At least three regulars came to mind. They e-mailed or called like clockwork, looking for missing volumes in collections we’d never carried, signed editions we’d never advertised—just to be sure they hadn’t missed an announcement on our Web site or listing in our catalog. But their searching was passionate and constant, almost ritualistic. I had engaged each of them in conversation at one time or another and discovered we were just one call on a long list of calls they made every day.

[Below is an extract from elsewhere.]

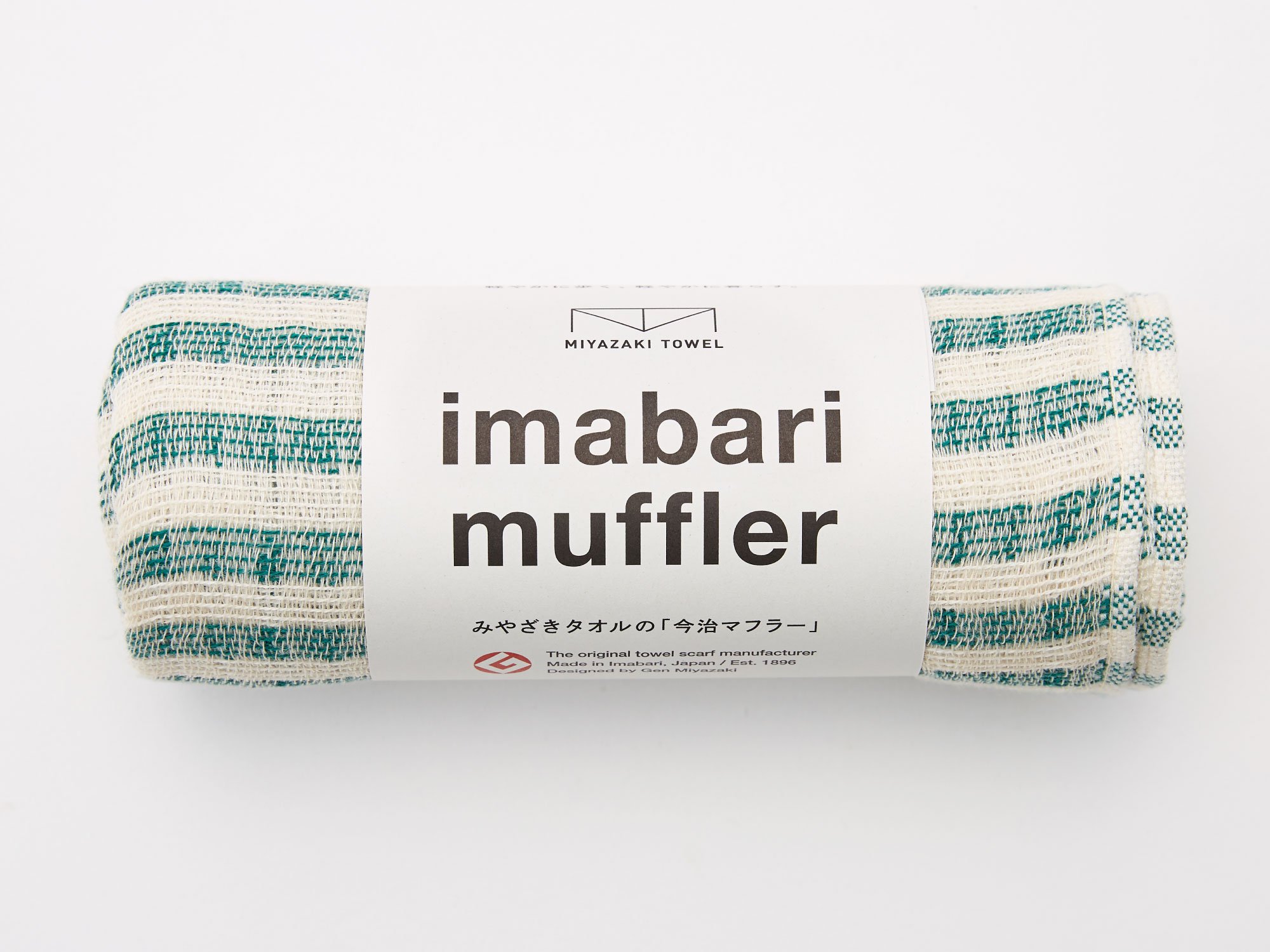 imabari mufflershima 今治マフラー シマ |4|グリーン|ロング 180cm x 34cm / 82g / cotton 100% 横糸10mmのボーダーの上に縦糸を重ねた、なんとも柔らかな縞状のマフラー ■いつもの散歩道から、旅先まで。

“If Peter found himself on the receiving end of a major inheritance,” Sadie continued, “any number of things related to it might have taken hold of him and pulled him in…consumed him.”
“An estate in Newport is pretty impressive,” I noted. “He must come from real money, then?”
“It was a surprise to me, I have to tell you. To think that Peter came from old Newport stock, that his family owned a mansion. He’d never mentioned it to me in all the years we’d been friends. The Peter Chesley I knew was so unassuming. And I would have never guessed he came from money. The man always seemed so frugal.”
“So what kind of books did Mr. Chesley collect? Mysteries?”
“Oh, heavens no.” Sadie waved her hand. “Peter’s passion was history. The Revolutionary War—books by or about the Founding Fathers. I believe his great-great-great-grandfather was at Bunker Hill. He was crazy for anything dealing with that period.”